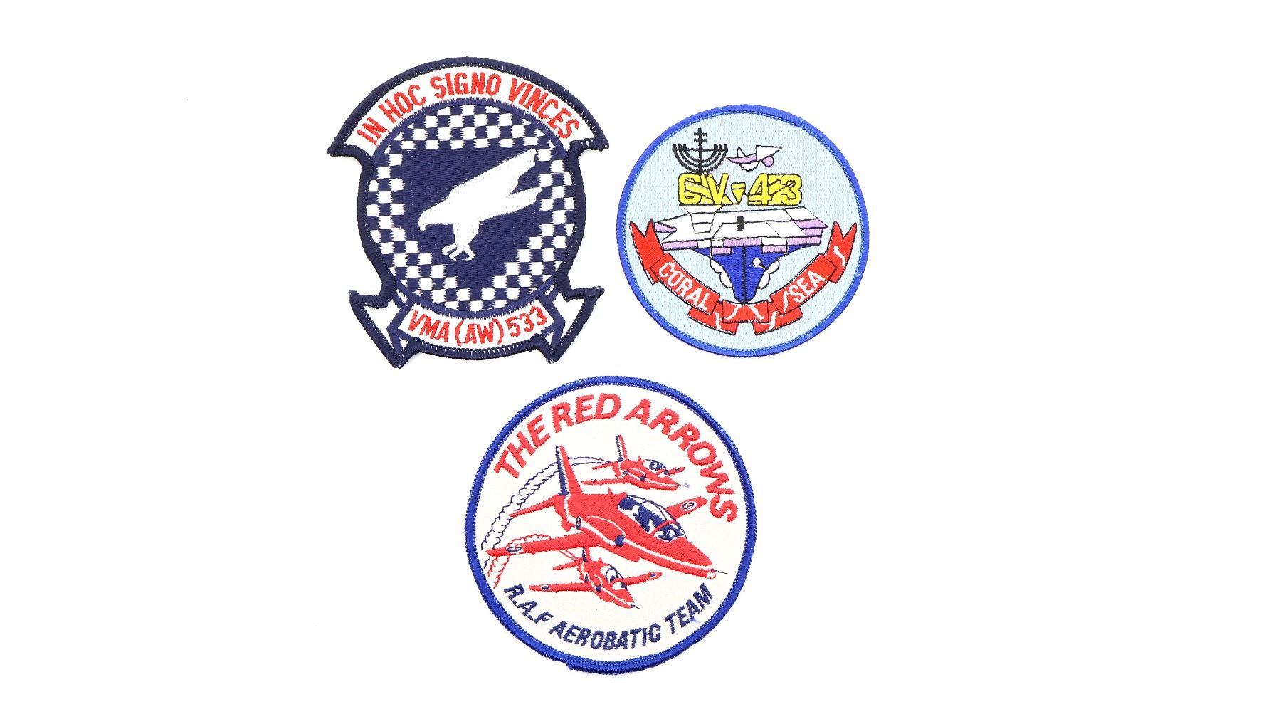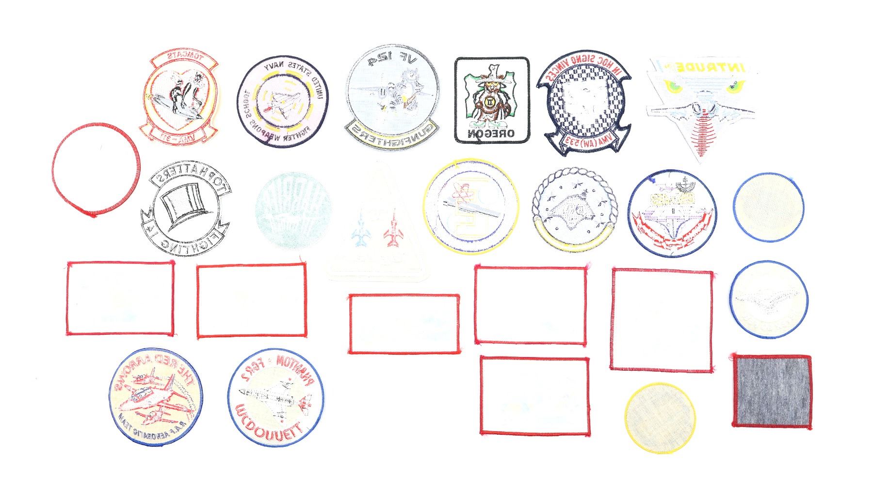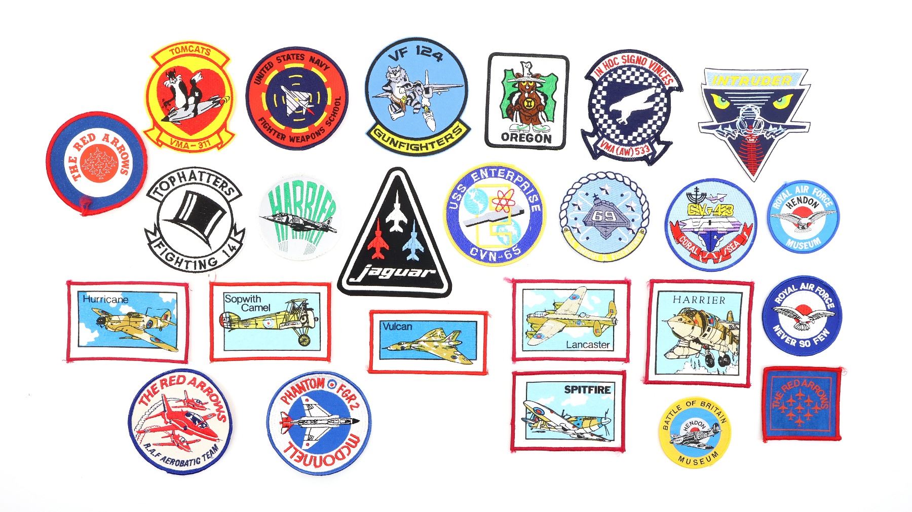 APPROX. (25) PIECES, VARIOUS SIZES / STYLES / COLOURS / MATERIALS, INCLUDES; THE RED ARROWS, MCDONNELL PHANTOM FGR2, BATTLE OF BRITAIN HENDON MUSEUM, RAF NEVER SO FEW, SPITFIRE, SOPWITH CAMEL, HURRICANE, VULCAN, LANCASTER, VF 124 GUNFIGHTERS, U.S. NAVY FIGHTER WEAPONS SCHOOL, ETC. SEE PHOTOS.
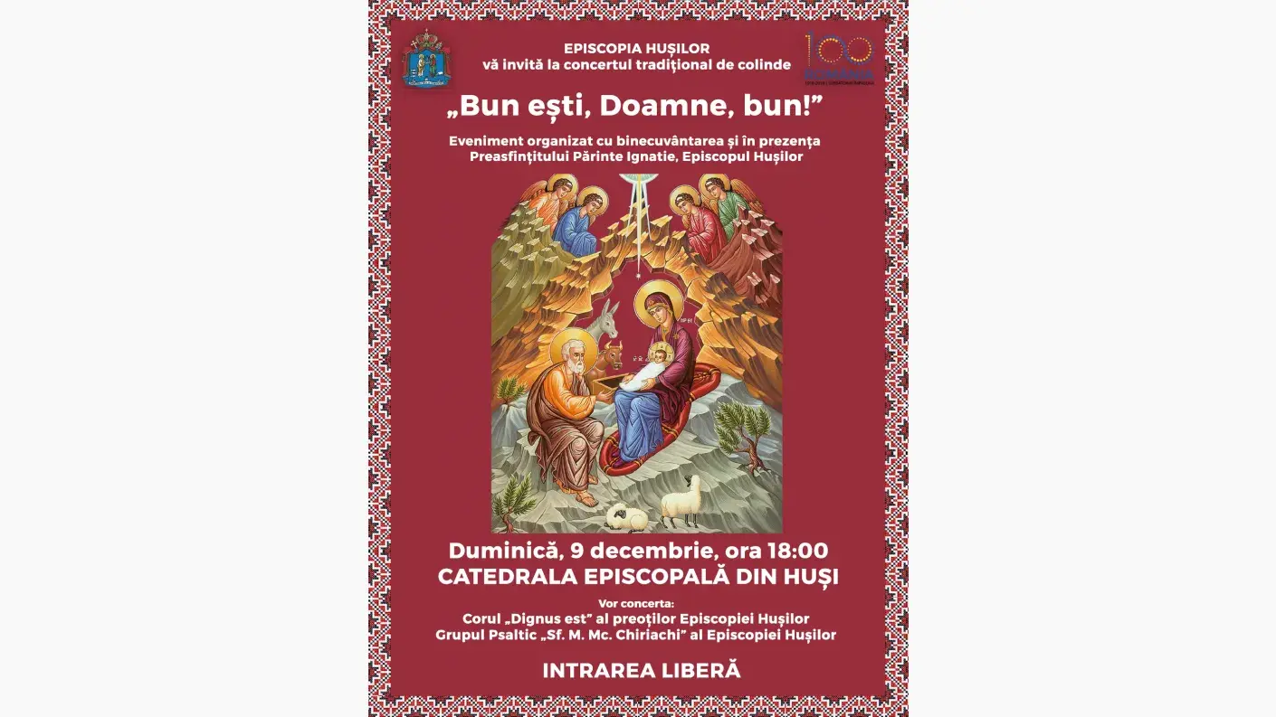 Duminică, 9 decembrie 2018, începând cu ora 18.00, Episcopia Hușilor organizează, cu binecuvântarea Preasfințitului Părinte Ignatie, Episcopul Hușilor, concertul tradițional de colinde intitulat „Bun ești, Doamne, bun!”
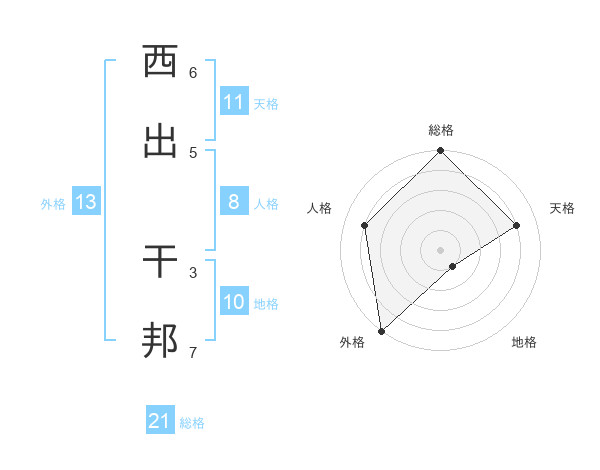 西出 干邦さんの総格は21画の5点!
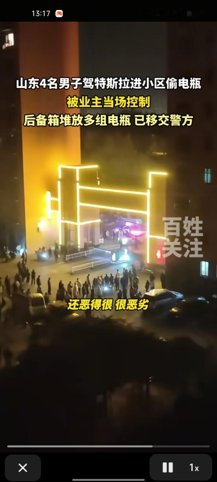 11月12日,济宁邹城市。四名男子驾驶特斯拉进小区偷电瓶,被小区居民及值班人员抓获,其所驾驶的后备箱多放多组电瓶。 目击者称,社区出于便利考虑,允许外部车辆登记后进入,正是因为这种相对开放的管理模式,让不法分子有了可乘之机。目前,涉事四人及被盗电瓶移交给警方,具体案件警方正在调查。
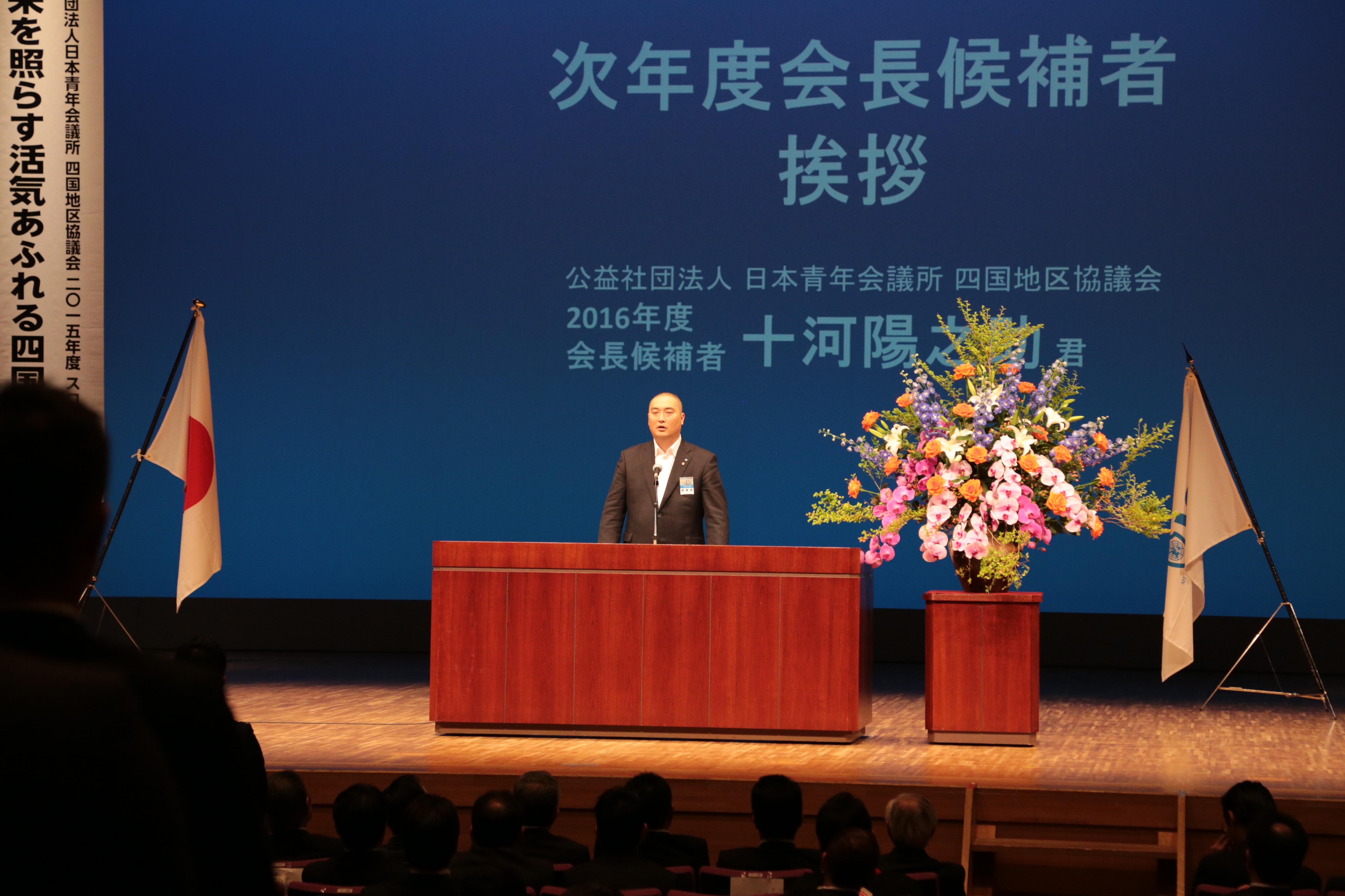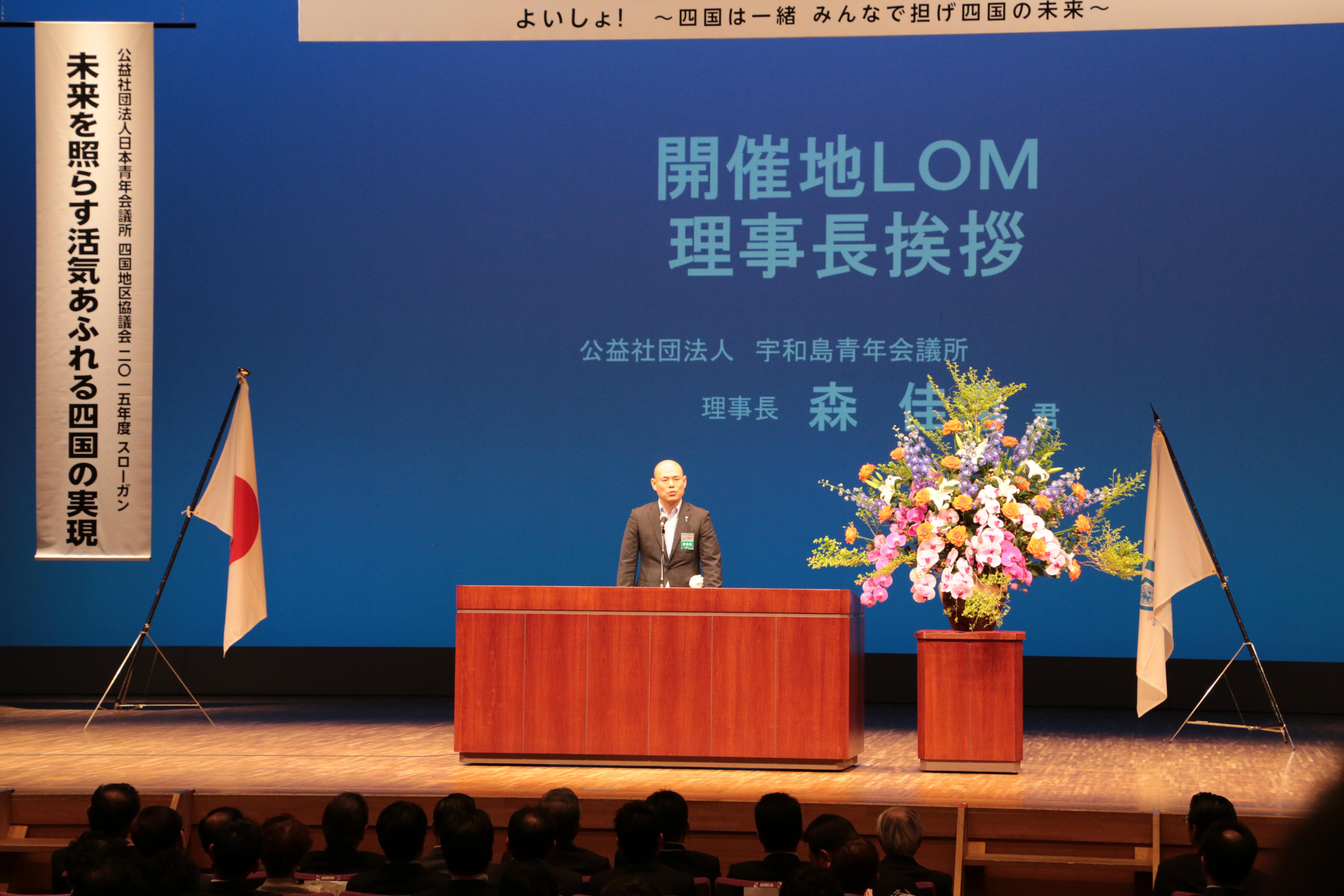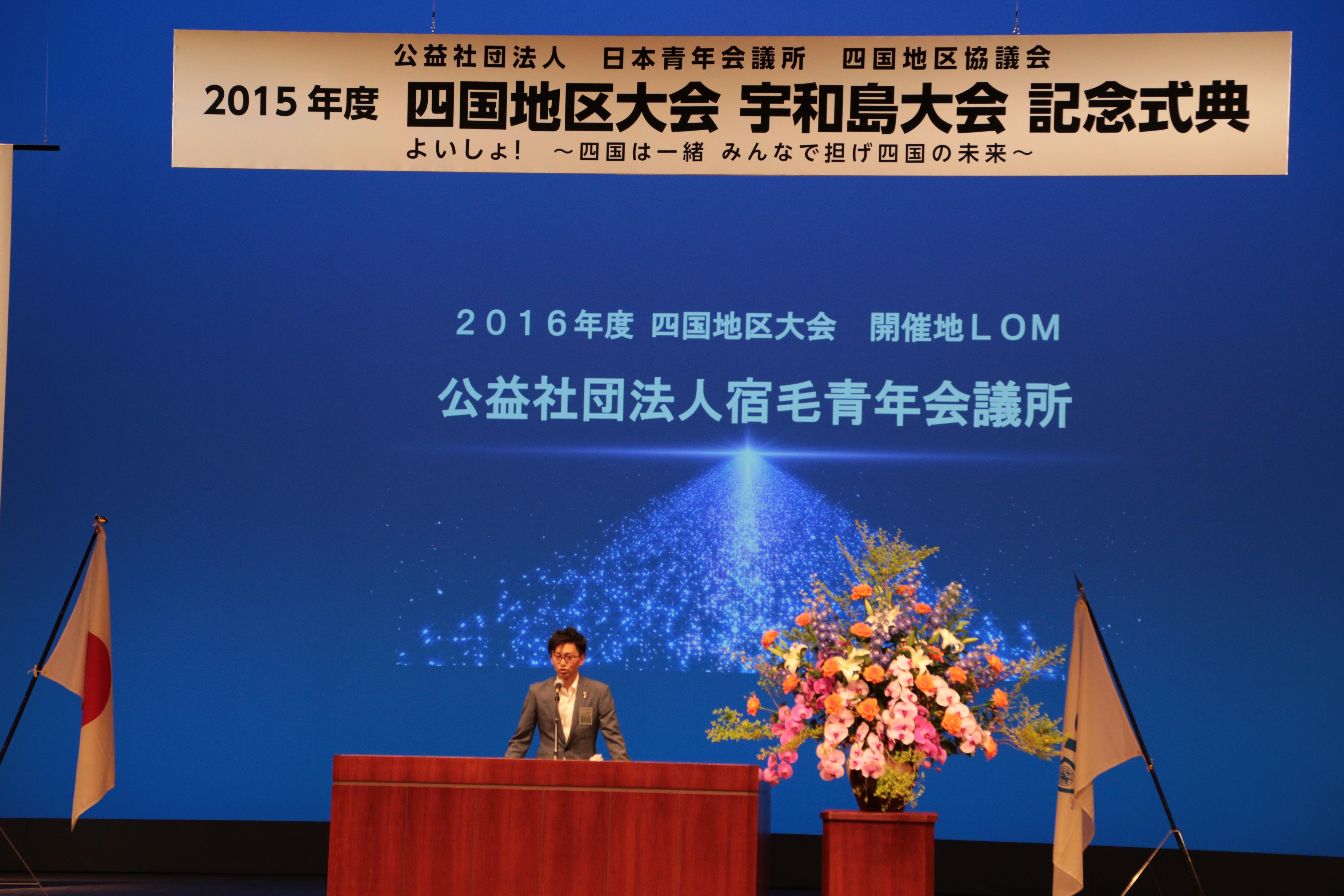 午後からの記念式典は「よいしょ! ~四国は一緒 みんなで担げ四国の未来~」をスローガンに、宇和島市最大のホール、南予文化会館にて執り行われました。日本青年会議所四国地区協議会副会長の藤本君の開会宣言に始まった記念式典は、来賓の皆さまをはじめ各LOMからも多くのメンバーを迎え、盛大に進行されました。各LOMの来訪紹介では各地の理事長が大会スローガンの「よいしょ!」で挨拶するなど笑いを誘う場面も。次々に響く「よいしょ!」の音頭が場の一体感をより高めていました。式典の最後には2016年度四国地区協議会会長候補者に公益社団法人高松青年会議所の十河陽之助君が、そして四国地区大会の開催LOMに公益社団法人宿毛青年会議所が発表され、大会旗を引き継ぎ閉会となりました。

## Exercise requirements
Leaving out the images, repeat the listing above exactly.

## Response for this exercise
 APPROX. (25) PIECES, VARIOUS SIZES / STYLES / COLOURS / MATERIALS, INCLUDES; THE RED ARROWS, MCDONNELL PHANTOM FGR2, BATTLE OF BRITAIN HENDON MUSEUM, RAF NEVER SO FEW, SPITFIRE, SOPWITH CAMEL, HURRICANE, VULCAN, LANCASTER, VF 124 GUNFIGHTERS, U.S. NAVY FIGHTER WEAPONS SCHOOL, ETC. SEE PHOTOS.
 Duminică, 9 decembrie 2018, începând cu ora 18.00, Episcopia Hușilor organizează, cu binecuvântarea Preasfințitului Părinte Ignatie, Episcopul Hușilor, concertul tradițional de colinde intitulat „Bun ești, Doamne, bun!”
 西出 干邦さんの総格は21画の5点!
 11月12日,济宁邹城市。四名男子驾驶特斯拉进小区偷电瓶,被小区居民及值班人员抓获,其所驾驶的后备箱多放多组电瓶。 目击者称,社区出于便利考虑,允许外部车辆登记后进入,正是因为这种相对开放的管理模式,让不法分子有了可乘之机。目前,涉事四人及被盗电瓶移交给警方,具体案件警方正在调查。
 午後からの記念式典は「よいしょ! ~四国は一緒 みんなで担げ四国の未来~」をスローガンに、宇和島市最大のホール、南予文化会館にて執り行われました。日本青年会議所四国地区協議会副会長の藤本君の開会宣言に始まった記念式典は、来賓の皆さまをはじめ各LOMからも多くのメンバーを迎え、盛大に進行されました。各LOMの来訪紹介では各地の理事長が大会スローガンの「よいしょ!」で挨拶するなど笑いを誘う場面も。次々に響く「よいしょ!」の音頭が場の一体感をより高めていました。式典の最後には2016年度四国地区協議会会長候補者に公益社団法人高松青年会議所の十河陽之助君が、そして四国地区大会の開催LOMに公益社団法人宿毛青年会議所が発表され、大会旗を引き継ぎ閉会となりました。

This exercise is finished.